The somatostatin analogue somatoprim (also known as DG3173) causes greater growth hormone (GH) suppression than octreotide when applied to primary cell cultures of somatotroph adenomas, according to a German study.

Somatostatin analogues are considered safe for the treatment of acromegaly. The only long-term concern is their negative effect on glucose metabolism. A somatostatin analogue with high efficacy for GH suppression but little effect on insulin secretion would, therefore, be a valuable addition to the armamentarium of medical therapies for acromegaly.

“We were interested to explore the efficacy of the new multiligand somatostatin analogue somatoprim and hoped to observe an increased effect compared with the established agent octreotide,” recounts lead investigator Ursula Plöckinger from the Charité Hospital in Berlin. “In addition, we aimed to determine a possible pattern for predicting the GH-lowering effect of somatoprim.”

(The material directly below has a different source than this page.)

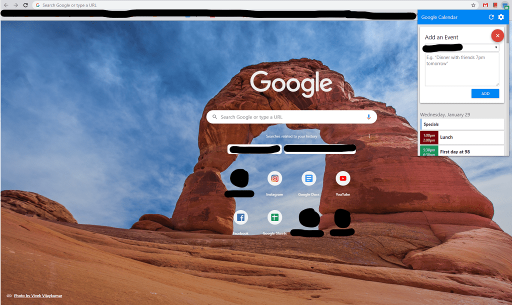 It stays in the top right corner of your screen and drops down with your current schedule. Easily add a calendar event by typing it in. Example: “Dinner with friends 7pm tomorrow.” It will be automatically added to your calendar. So easy!

Using 27 primary cell cultures derived from somatotroph adenomas obtained after surgery, Plöckinger and her team quantitatively evaluated and directly compared the GH-suppressing effect of somatoprim and octreotide. Immunohistochemistry was used to evaluate possible prognostic markers: presence and distribution of somatostatin receptor (SSTR) subtypes; pattern of pituitary hormone expression in the tumor; and analysis of the morphological characteristics of the somatotroph adenomas.

Each somatostatin analogue has specific affinities to different SSTR subtypes. In contrast to octreotide, somatoprim has a high affinity for SSTR3, in addition to SSTR2 and SSTR5. All analyzed adenomas highly expressed SSTR3, the activation of which might have been responsible for the higher number of tumors responsive to somatoprim compared with octreotide.

Previous studies have shown a very low insulin-suppressing effect of somatoprim, which is an additional advantage of this drug over other somatostatin analogues, for example, SOM230 and octreotide. To further evaluate the potential of somatoprim as an effective drug in acromegaly, more clinical data are needed. “If clinical trials confirm the in vitro data, we feel that the drug may well become the treatment of choice for medical therapy in acromegaly owing to its high efficacy, potential for tumor shrinkage and its negligible effect on insulin secretion,” concludes Plöckinger.